> [DATASET CONTENT]:
* * * * *
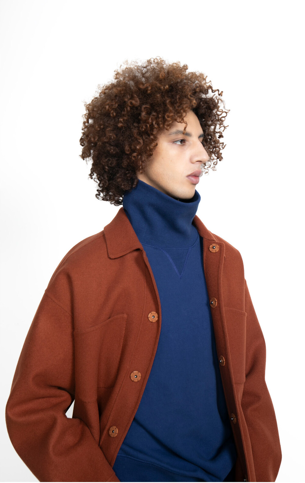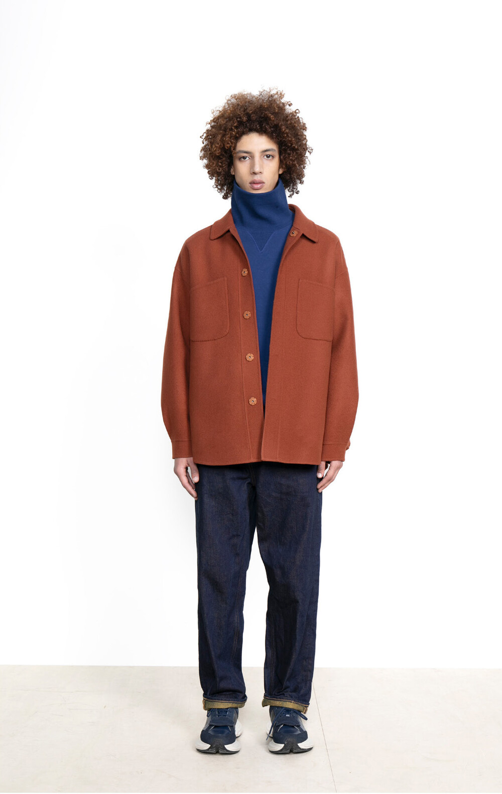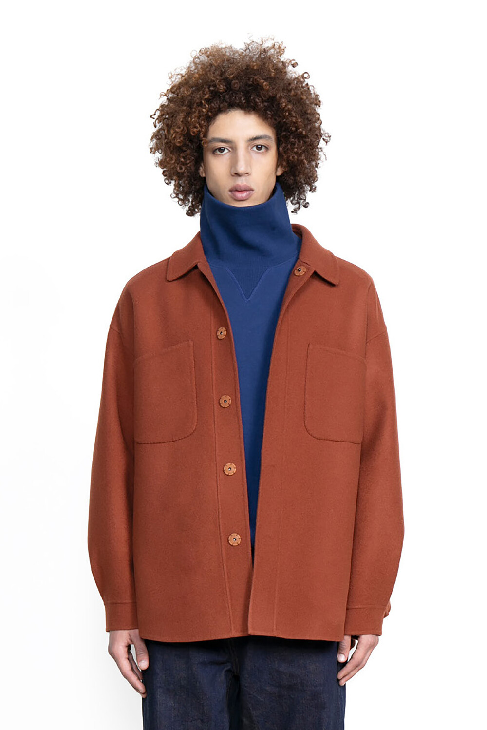 WOOL MELTON HANDMADE SHIRTING JACKET_BRICK
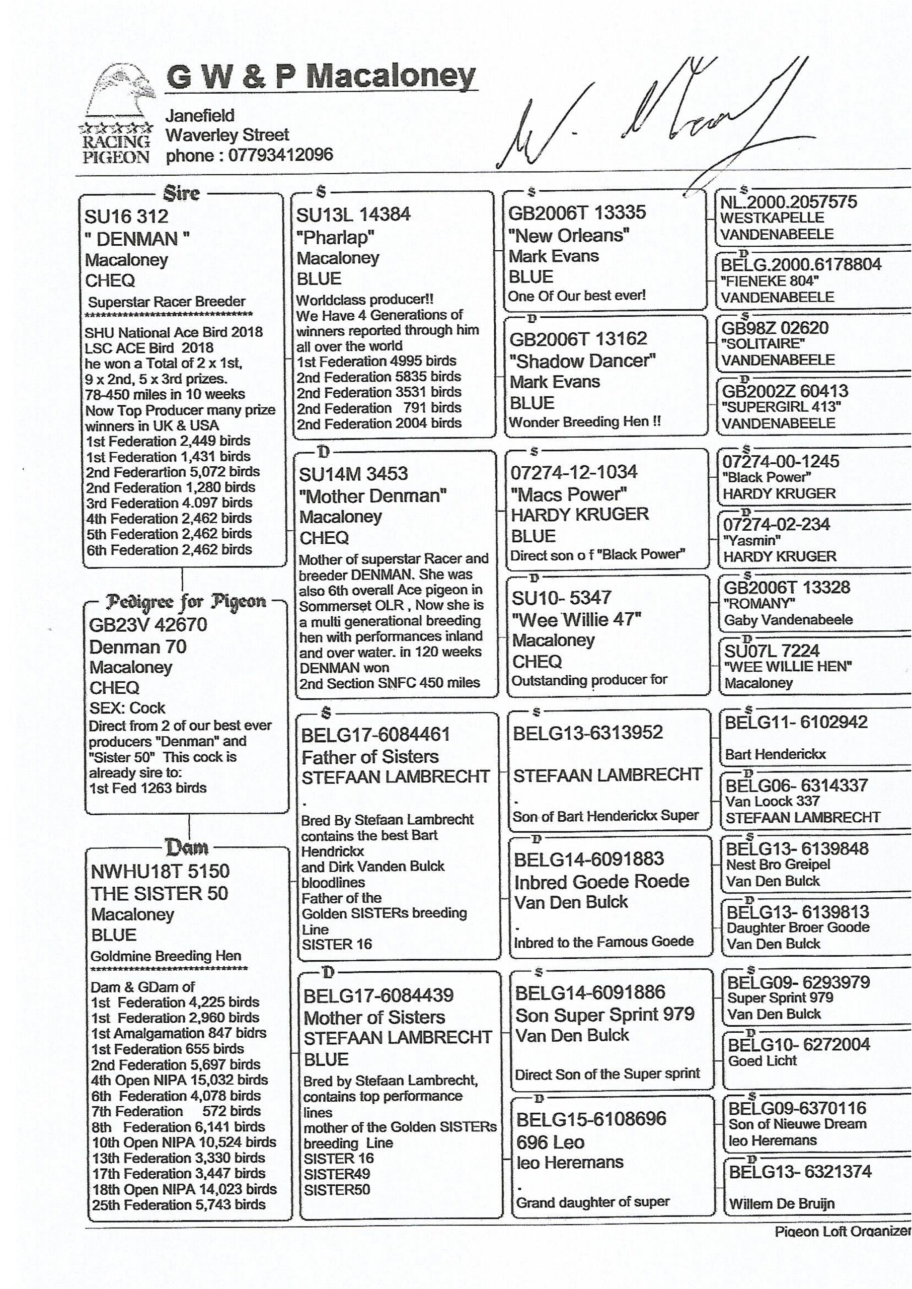 Sire: “Denman 70” GB23V 42670 bred by G W & P Macaloney – original pedigree on display.
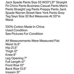 Jack Spade Pants Size 33 W33"L31" Straight Fit Chino Pants Business Casual Pants Men's Pants Straight Leg Pants Preppy Pants Jack Spade Warren Street New York Pants Gray
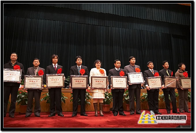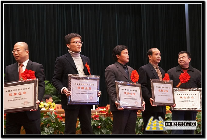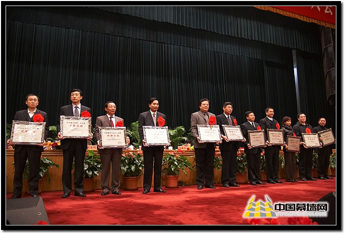 圖十七 建筑幕墻類 獲獎(jiǎng)企業(yè)廣州白云、北京江河、深圳三鑫企業(yè)代表上臺(tái)領(lǐng)獎(jiǎng)
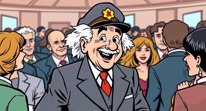 As soon as they arrive, the driver goes on stage and starts giving the usual speech while the real Einstein attends it.
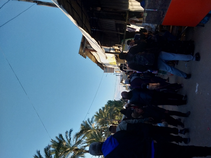A crowded street scene with many people walking. The perspective is from a low angle, looking up towards buildings on the right side of the frame and trees on the left. The sky is a clear blue. People are mostly dressed in dark clothing. A roof is visible on the right, with an awning overhanging the street. Palm trees line the left side of the street against the backdrop of the sky.
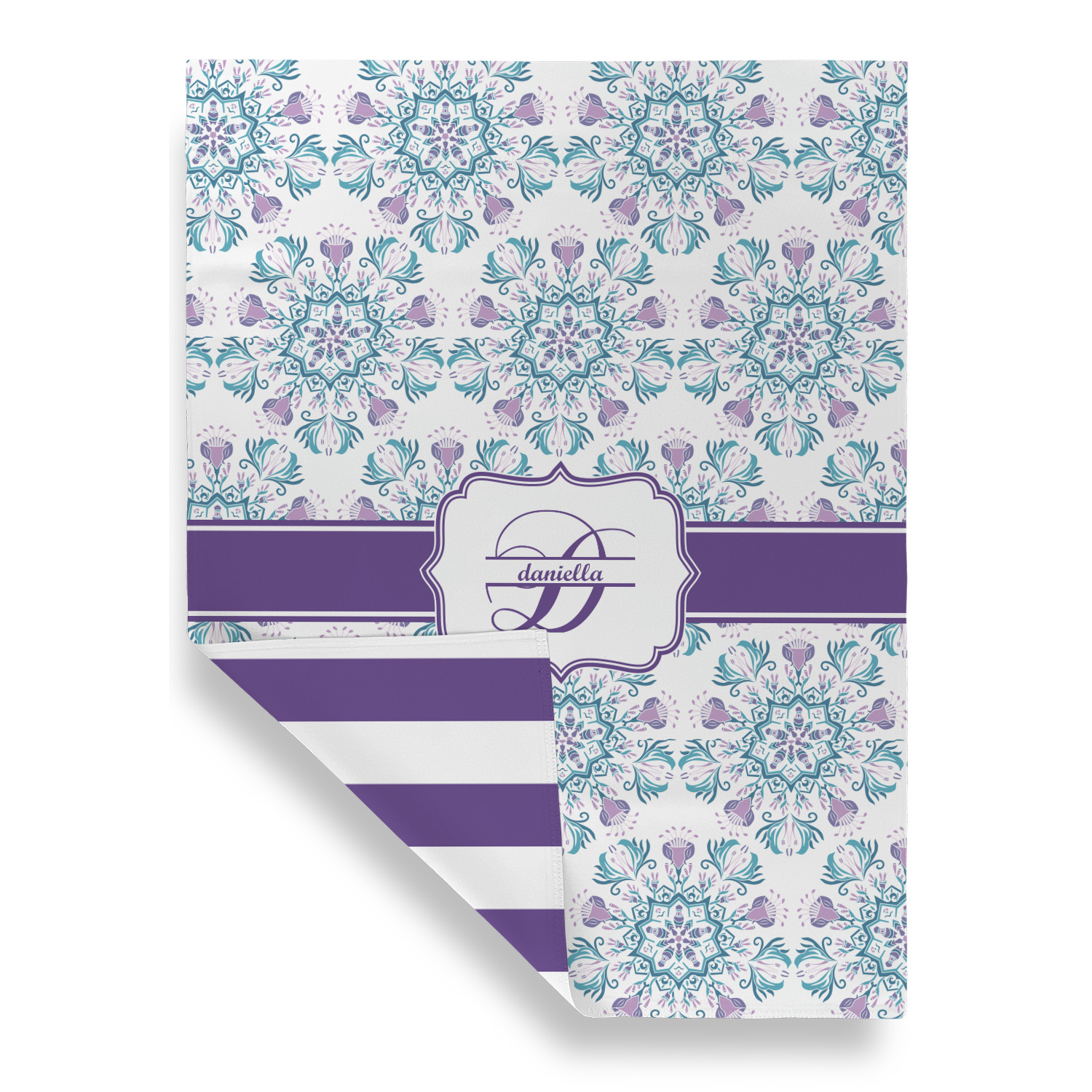 Find a your place in the universe with the Mandala Floral design. The core of this design is delicate flowers around the edge of mandalas. The flowers are a combination of purple and blue while the background is white.
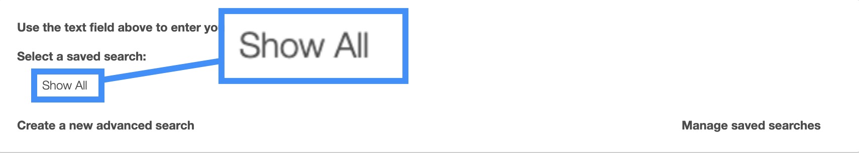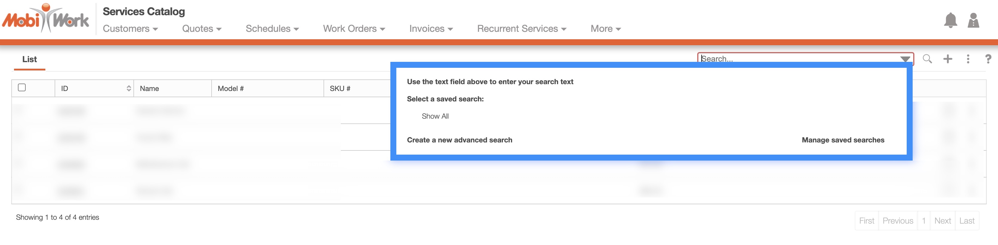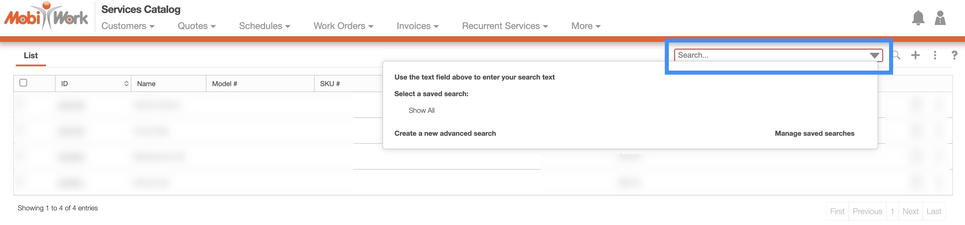 Saved searches are a powerful search tool where the search-criteria has been saved for future use; to access the saved searches drop-down, click in the search bar. The default saved search for Services is the "Show All" search.
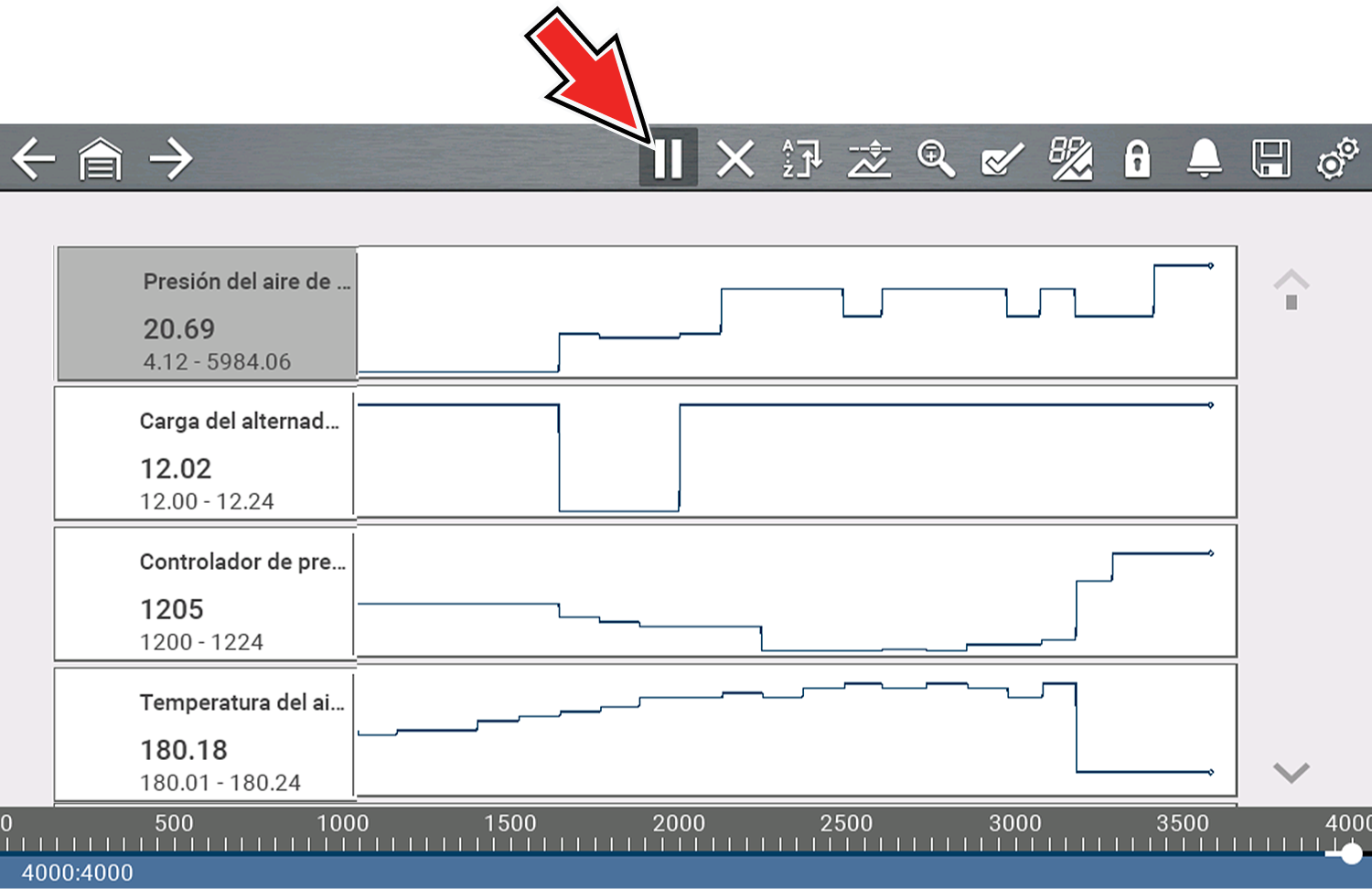 Pause (Pausar), le permite pausar temporalmente la recopilación de datos para revisarla en detalle.
* * * * *
Reproduce the data exactly, please, and omit its pictures.

 WOOL MELTON HANDMADE SHIRTING JACKET_BRICK
 Sire: “Denman 70” GB23V 42670 bred by G W & P Macaloney – original pedigree on display.
 Jack Spade Pants Size 33 W33"L31" Straight Fit Chino Pants Business Casual Pants Men's Pants Straight Leg Pants Preppy Pants Jack Spade Warren Street New York Pants Gray
 圖十七 建筑幕墻類 獲獎(jiǎng)企業(yè)廣州白云、北京江河、深圳三鑫企業(yè)代表上臺(tái)領(lǐng)獎(jiǎng)
 As soon as they arrive, the driver goes on stage and starts giving the usual speech while the real Einstein attends it.
A crowded street scene with many people walking. The perspective is from a low angle, looking up towards buildings on the right side of the frame and trees on the left. The sky is a clear blue. People are mostly dressed in dark clothing. A roof is visible on the right, with an awning overhanging the street. Palm trees line the left side of the street against the backdrop of the sky.
 Find a your place in the universe with the Mandala Floral design. The core of this design is delicate flowers around the edge of mandalas. The flowers are a combination of purple and blue while the background is white.
 Saved searches are a powerful search tool where the search-criteria has been saved for future use; to access the saved searches drop-down, click in the search bar. The default saved search for Services is the "Show All" search.
 Pause (Pausar), le permite pausar temporalmente la recopilación de datos para revisarla en detalle.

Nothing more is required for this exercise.